For K-Means Fast, clustering quality decreased starting at 11 clusters, with poor clustering observed at 13 clusters and clusters without membership noted at 38. This evidence suggests that this method behaves like K-Means. Except for the 2 and 3 clusters, all others were similar, with a higher silhouette index belonging to 2 clusters. Unsimilarity between clusters was observed only for courtesy, aesthetics, and perceived value indices. For the execution of the K-medoids algorithm, instead of using the average of the data, the mode was calculated and utilized for clustering. This algorithm operates based on the median index.

Additionally, we observed that the arrangement or order of variables does not significantly impact the clustering result, as this model performs clustering based on the dataset itself. Poor clustering began at 9 clusters and continued until 16 clusters, with no membership observed at 17. Except for the 2, 3, and 4 clusters, all other clusters were similar, and the higher silhouette index belonged to the 4 clusters, with dissimilarity between clusters observed only for attitude.

There are two adjustable variables in the DBSCAN model: epsilon and the minimum points. Different values for these variables were tested; however, no improvement in clustering quality was observed. This means that some members did not belong to any cluster and were referred to as noise. For the random algorithm, clustering quality decreased starting at 11 clusters, with poor clustering observed at 26 clusters and clusters without membership noted at 46. This method behaves similarly to K-Means and K-Means Kernel, with all clusters being similar, resulting in the silhouette test not being conducted. For Fuzzy C-Means, clustering quality decreased starting at 8 clusters, with poor clustering noted at 12 clusters and a cluster without membership observed at 13. This suggests that this method is sensitive; except for 2 and 3 clusters, all others were similar, with a higher silhouette index belonging to 2 clusters. Unsimilarity between clusters was observed only for aesthetics, courtesy, access, attitude, and perceived value. In the Flatten method, poor clustering appeared at 2 clusters, with a cluster without membership observed at 8, indicating that this method is unfriendly to Likert scale data. For the Canopy method, there are three adjustable variables: T1, T2, and seeding quantity. Different values for these variables were tested. The default values are seeding = 1, T1 = -1.25, and T2 = -1.0. T1 represents the distance to use; values less than 0 are taken as a positive multiplier for the T2 distance, which also represents distance. Values less than 0 should be set using a heuristic based on the attribute’s standard deviation, making it effective only during batch training. Since these numbers result from scientific work by the producers, we did not alter their relationships; instead, we adjusted them by adding or subtracting from this ratio. These changes did not affect the output results, but modifying the seeding made the results distinguishable. Clusters in field 10 are weak, while in field 1, they are better.

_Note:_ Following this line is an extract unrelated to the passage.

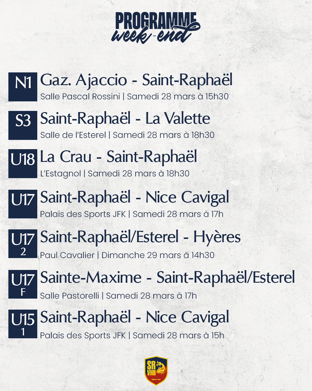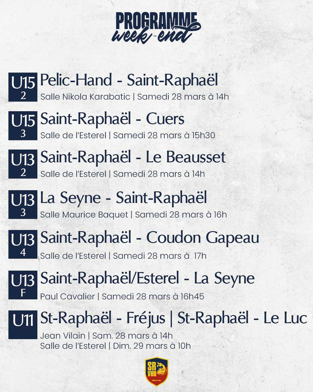 Découvrez le programme des équipes du Saint-Raphaël Var Handball pour ce week-end :

Consequently, field 10 is gradually being abandoned as the number of clusters increases. Poor clustering started at 4 clusters, except for 2 and 3 clusters. All others were similar, with a higher silhouette index belonging to 2 clusters, with 5 seeds, and unsimilarity between clusters was observed for access, courtesy, perceived value, and Quality. For Cascade K-Mean, there is only one adjustable variable for seeding quantity, with a default of 1. Different values for seeding were tested, but there was no difference between them, even in the silhouette output. Thus, the higher silhouette index belonged to 2 clusters. For CLOPE, one condition for implementing this method is that the data must be nominal, and there is only one adjustable variable, repulsion. Different values were tested for it. All outputs had clusters without membership, indicating that this method is not appropriate for Likert data.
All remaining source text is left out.